Authors: Sarah Hegger

Nobody's Fool (6 page)

“I can't change in the car.”
“Of course you can.” He indicated the thinly spaced traffic now they were out of the city center. “Nobody will see, including me. I have my eyes on the road and I promise not to look, but you should get out of those wet things.”
What a dog; cool as a cucumber, totally in control of this game. He was such a smug son of a bitch. But Holly Partridge never backed down from a challenge.
She whipped off the tank top and tossed it in the back.
The car lurched and swerved.
Holly barked her elbow against the door as she managed to dive into the concealment of the T-shirt.
Gotcha!
“Jesus.” He jerked his head back. “You should warn a guy before you do something like that.”
Holly luxuriated in the warmth of the T-shirt. It was steaming hot outside the car, but the wet fabric of her sweatshirt had seeped into her bones. He was right, though. Hugo Boss did make a rather fine T-shirt. She reached for the button of her jeans.

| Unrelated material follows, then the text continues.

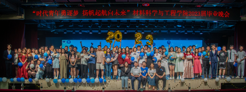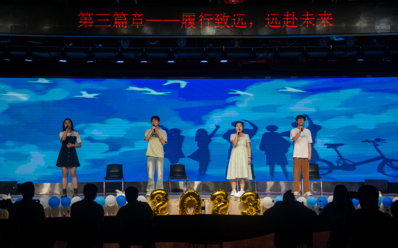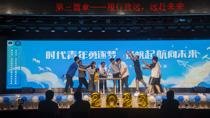 晚会的最终环节,由学校员工心理健康中心辛晓雯、毕业班班主任甄玉花、2019级本科生辅导员褚奇以及2023届毕业生代表高赟共同切开毕业蛋糕,祝福毕业生此去前程似锦,鹏程万里。伴随着歌曲《起风了》的悠扬婉转的旋律,毕业生共同观看了《材料学院2023届毕业生回忆录》视频,在细细回忆着大学四年真挚的师生情谊中晚会落下帷幕。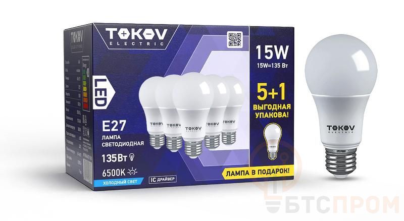 Набор ПРОМО лампа светодиодная 15Вт А60 6500К Е27 176-264В (Promo 5+1 шт) TOKOV ELECTRIC Promo-A60-E27-15-6.5K

His eyes slid in her direction.
“Eyes on the road.” She undid the button and slid down the zipper. The sound rippled through the silent car.
It took her longer than anticipated. Wet denim in a bucket seat made for some concerted wriggling. Holly was panting by the time she managed to hurl her sopping jeans after her sweatshirt.
He had excellent powers of concentration.
She didn't bother to check the label on the sweatpants. They were probably worth more than her apartment. Her legs slid easily into them. He had those typically male slim hips, so the sweats did catch on her hips, but she tightened the drawstring anyway. The pants were laughably too long. She hauled off her soggy Converses and rolled up the cuffs.
He was right. She was immediately more comfortable. There was a bottle of water in the bag and she pounced. It was cool and fresh, and Holly kept glugging until there was nothing more to swallow. She lowered the bottle with a sigh of satisfaction.
One side of his mouth turned up as if he was laughing on the inside. “Thirsty?”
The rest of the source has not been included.